Second Derivative Test

Instead of using First Derivative Test we can use another test.

Second Derivative Test.

if $$${f{'}}{\left({c}\right)}={0}$$$ and $$${f{''}}{\left({c}\right)}<{0}$$$ then there is maximum at point $$${c}$$$.
if $$${f{'}}{\left({c}\right)}={0}$$$ and $$${f{''}}{\left({c}\right)}>{0}$$$ then there is minimum at point $$${c}$$$.
if $$${f{'}}{\left({c}\right)}={0}$$$ and $$${f{''}}{\left({c}\right)}={0}$$$ then we can't say anything about point $$${c}$$$.

This test is used not so often as first derivative test because of two reasons:

We can't apply it to stationary points for which first derivative doesn't exist (because in this case second derivative also doesn't exist).
It is inconclusive when second derivative equals 0.

Example. Find extrema of the function $$${y}={{x}}^{{4}}-{4}{{x}}^{{3}}$$$.

We first find first two derivatives.

$$${f{'}}{\left({x}\right)}={4}{{x}}^{{3}}-{12}{{x}}^{{2}}={4}{{x}}^{{2}}{\left({x}-{3}\right)}$$$.

So, critical numbers (points where $$${f{'}}{\left({x}\right)}={0}$$$) are $$${x}={0},{x}={3}$$$.

$$${f{''}}{\left({x}\right)}={\left({f{'}}{\left({x}\right)}\right)}'={\left({4}{{x}}^{{3}}-{12}{{x}}^{{2}}\right)}'={12}{{x}}^{{2}}-{24}{x}={12}{x}{\left({x}-{2}\right)}$$$.

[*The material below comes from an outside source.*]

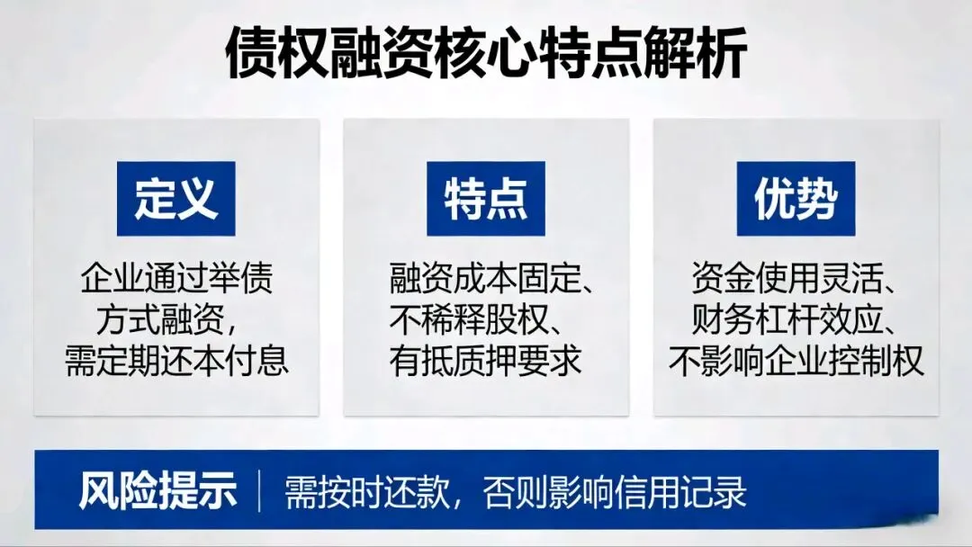 说白了就是“借钱”。适合现金流稳定、有抵押或担保,又不想稀释股权的企业,短期周转用它最稳妥。银行经营贷、抵押贷、供应链金融、债券等都是常见形式,成本可控、流程成熟,关键是不丢公司控制权。但老何要提醒,债权融资的核心风险是“刚性兑付”,不管企业盈亏,到期必须还本付息,一旦资金链断裂,违约、诉讼甚至资产被处置的风险就会找上门,务必算好偿债能力。

Since $$${f{''}}{\left({3}\right)}={12}\cdot{3}\cdot{\left({3}-{2}\right)}={36}>{0}$$$ then according to second derivative test $$${x}={3}$$$ is minimum.

Since $$${f{''}}{\left({0}\right)}={12}\cdot{0}{\left({0}-{2}\right)}={0}$$$ then we can't say anything about $$${x}={0}$$$ using second derivative test. Using first derivative test we conclude that $$${x}={0}$$$ is neither minimum nor maximum.